As I walked towards the Hall of Mental Cultivation, I saw that there was light within.
I thought that he would see no one, and that I would likely be stopped by the guards.
However, I passed through unimpeded and reached the entrance of the Hall of Mental Cultivation.
From within the hall, I heard the Emperor's sobs: "A Zhi, A Zhi! Why would you do this to me, why would you do this to me!?"
Had Concubine Yue broken his heart?
I stood at the doorway, and suddenly I didn't want to go in.
But when I saw everything within the hall, my heart still gave a jolt—
Because I saw a painting.
It was a painting of me, the one the Emperor was now facing.
It was me when I was still the Crown Princess.
I remembered that painting.
It was made for me by a folk artist on my birthday in the third year of my time as Crown Princess.
I sat on a bluestone in the East Palace's back garden, a round fan in my hand, looking up at a blooming peach tree with a smile.
He said he liked that painting very much.
He felt that I in the painting, like a peach blossom, brought him joy just by looking at me.
Other men admired the uprightness of pine and cypress, the opulence of peonies, the purity of lotus.
Only he, favored the brilliance and gentleness of peach blossoms.
He had once said that I was peach blossoms.
We had many paintings, some of me alone, and some of him and me together.
I thought he had long since discarded all these paintings.
I never expected that he had kept them.
He stood before the painting, murmuring, "A Zhi, A Zhi. How good it would be if we were still as we were back then? I would rather never have known that you were deceiving me all those years! I would rather you always deceived me, always be that A Zhi who was the most gentle, the most innocent and kind!"
He drained a pot of wine in one gulp.
His eyes then became even more sorrowful: "A Zhi, all these years, I have been waiting. Waiting for you to tell me that we could try again. Waiting for you to tell me that perhaps you would try to be the A Zhi of the past for me. Waiting for you to tell me that you loved me, that you were willing to change for me, that we could change together!"
"However, I did not wait."
In the snowy night, I heard the deepest pain and sorrow in his heart: "A Zhi, why? Why wouldn't you even give me the final bow of your head? Why is even the last dream you are deceiving me in?! A Zhi, do you know? If you hadn't deceived me, I would have been willing to spend all the coming days with you. That day, as long as you told me you loved me, that you wanted to walk with me through the past and the future, I would not have blamed you!"

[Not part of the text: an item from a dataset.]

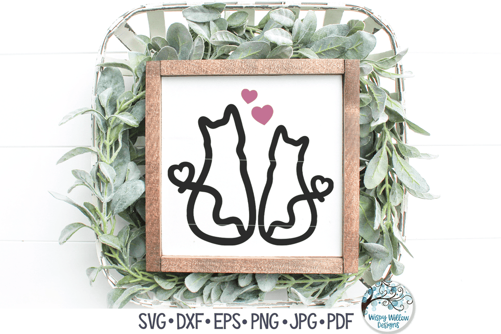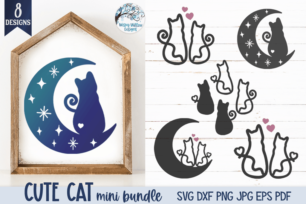This Cute Cat Mini SVG Bundle is perfect for creating cute pet decals, signs, shirts and more. Includes cats with heart shaped tails, swirl tails, cats in love and cats on moons.

My heart suddenly began to ache.
I watched him fall to the ground, bitter tears sliding from the corners of his eyes: "A Zhi, do you know? She is very much like you, but she is not you after all. A Zhi, I love you very much, but I cannot ignore your deception and manipulation of me. A Zhi, how good it would be if I were not the Emperor, and if you were not the Empress."
In the very end, he seemed utterly exhausted, his voice growing faint: "A Zhi, if I were not the Emperor, would you still be by my side?"
I understood.
On such a snowy night, seeing this man with whom I had spent half my life in such pain, I finally understood.
I understood why he had treated me this way all these years, I understood that his love for me was far deeper than I had imagined.
And I understood where I had gone wrong.
It wasn't that he hadn't given me a chance, but that I had never been willing to lower my head to see his love for me.
It was I who had failed him.
As I turned to leave, the palace maid beside me asked, "Your Highness, aren't you going in? The Emperor is drunk, and now is a good time. If you take good care of him, the Emperor will surely be grateful to you."
In the past, I would have done as the palace maid suggested.
But at this moment, looking at this maid who had served me for over twenty years, her eyes were full of shrewdness, devoid of innocence.
She seemed... so ugly.
Perhaps I was just as ugly in front of him?
"Tao'er, how many years have you followed me?"
As I walked back, I asked the palace maid.
She replied earnestly, "Twenty-four years, Your Highness. I have been by your side since you were a little girl."
Yes, when I hadn't thought of this, I felt a deep bond of master and servant between us.
But after thinking about it, I couldn't help but wonder if Tao'er was using this to emphasize our connection?
So for all these years, no matter what I said, whether intentionally or unintentionally, would the Emperor think that I had done it on purpose?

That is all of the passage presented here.